All insights
AI Product Building Architecture Coding Tools

Prompt caching makes long context economically viable

Prefix-matching cache enables 80%+ cost reduction for multi-turn conversations, making rich context systems affordable at scale

Anthropic documentation — Prompt Caching · · 5 connections

Without caching, every turn in a conversation resends the entire context — system prompts, conversation history, tool definitions — at full price. Prompt caching stores processed prefix tokens so subsequent requests reuse them at ~90% discount. The critical constraint is the prefix matching rule: cache hits only work when the beginning of the request is identical. Change anything in the middle and the cache breaks.

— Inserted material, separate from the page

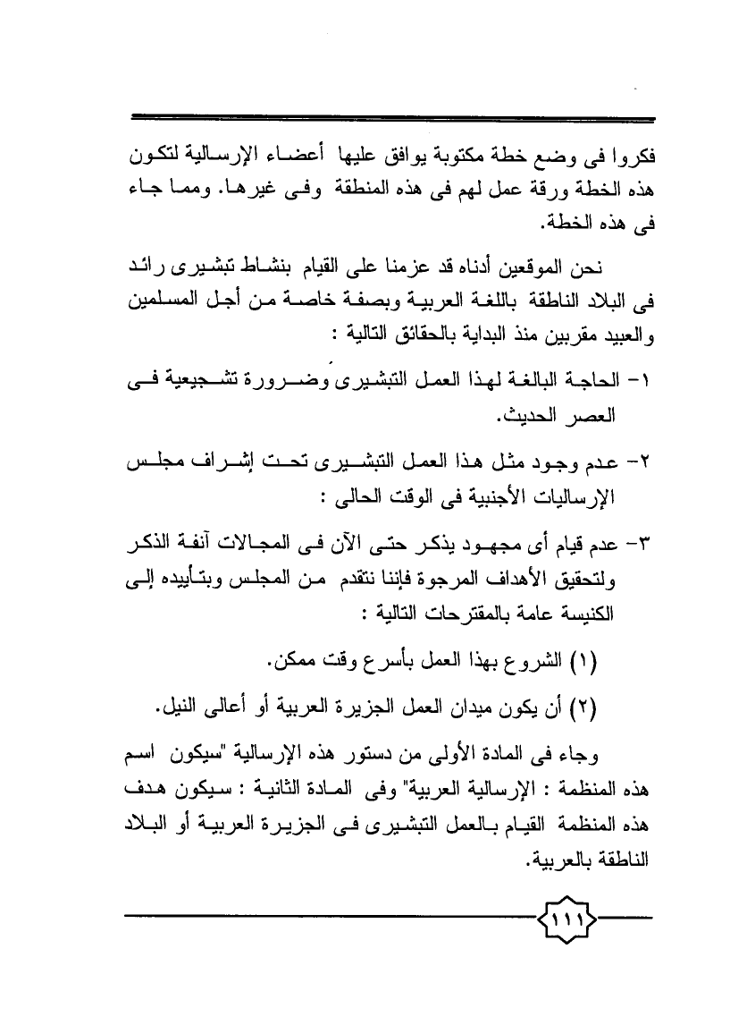 "نحن الموقعين أدناه قد عزمنا على القيام بنشاط تبشيري رائد في البلد الناطقة باللغة العربية وبصفة خاصة من أجل المسلمين العبيد مقرين منذ البداية بالحقائق التالية: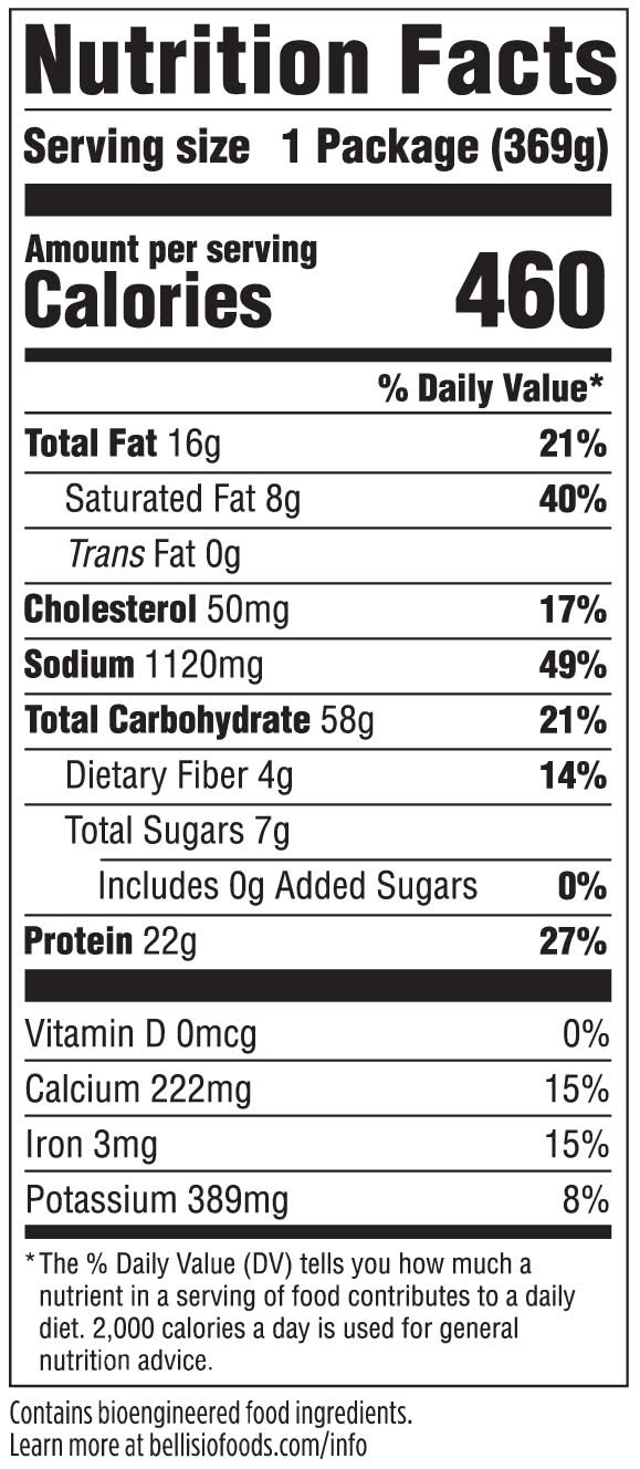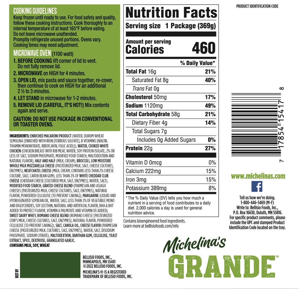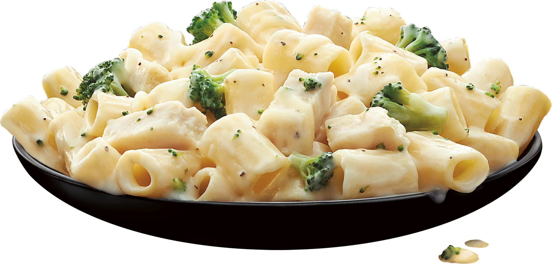 Ingredients: Enriched Macaroni Product (Water, Durum Wheat Semolina [Enriched with Iron (Ferrous Sulfate), B Vitamins (Niacin, Thiamin Mononitrate, Riboflavin, Folic Acid}]), Water, Cooked White Chicken (Chicken Breast with Rib Meat, Water, Soy Protein Isolate, 2% or Less of Salt, Sodium Phosphate, Modified Food Starch, Maltodextrin and Natural Flavor), Half and Half (Milk, Cream), Broccoli, Low Moisture Whole Milk Mozzarella Cheese (Pasteurized Milk, Salt, Cheese Cultures, Enzymes), Neufchatel Cheese (Milk, Cream, Contains Less than 2% Cheese Culture, Salt, Carob Bean Gum), Contains Less than 2% of White Cheddar Club Cheese (Cheddar Cheese [Cultured Milk, Salt, Enzymes), Water, Salt), Modified Food Starch, Grated Cheese Blend (Parmesan and Asiago Cheeses (Pasteurized Milk, Cheese Cultures, Salt, Enzymes], Natural Flavor, Powdered Cellulose [to Prevent Caking)), Margarine (Liquid and Hydrogenated Soybean Oil, Water, Salt, Less than 2% of Vegetable Mono and Diglycerides, Soy Lecithin, Natural and Artificial Flavor, BHA & BHT Added to Protect Flavor, Vitamin A Palmitate and Vitamin D3 Added), Sweet Dairy Whey, Romano Cheese Blend (Romano Cheese [Pasteurized Cow's Milk, Cheese Cultures, Salt, Enzymes], Natural Flavor, Powdered Cellulose [to Prevent Caking)), Salt, Canola Oil, Cheese Flavor (Parmesan Cheese [Pasteurized Milk, Cultures, Salt, Enzymes], Water, Salt, Disodium Phosphate, Sodium Citrate), Maltodextrin, Xanthan Gum, Cellulose, Yeast Extract, Spice, Dextrose, Granulated Garlic. Contains: Milk, Soybeans, Wheat

This is the economic enabler for The context window is the fundamental constraint — everything else follows — large context windows are only useful if they’re affordable to fill on every turn. It directly shapes how The three-layer AI stack: Memory, Search, Reasoning works in practice: the Memory layer (system prompt, skill files, CLAUDE.md) sits at the prefix where it caches perfectly, while the Search and Reasoning layers add variable content at the end. The ordering constraint (stable content first, variable content last) is an architectural decision driven by economics, connecting to Context is the product, not the model — designing the context system includes designing for cache efficiency. At production scale, KV cache hit rate is the most critical metric for production agents shows this is the single most critical metric — append-only context architecture and stable prefixes determine whether an agent system is economically viable or not.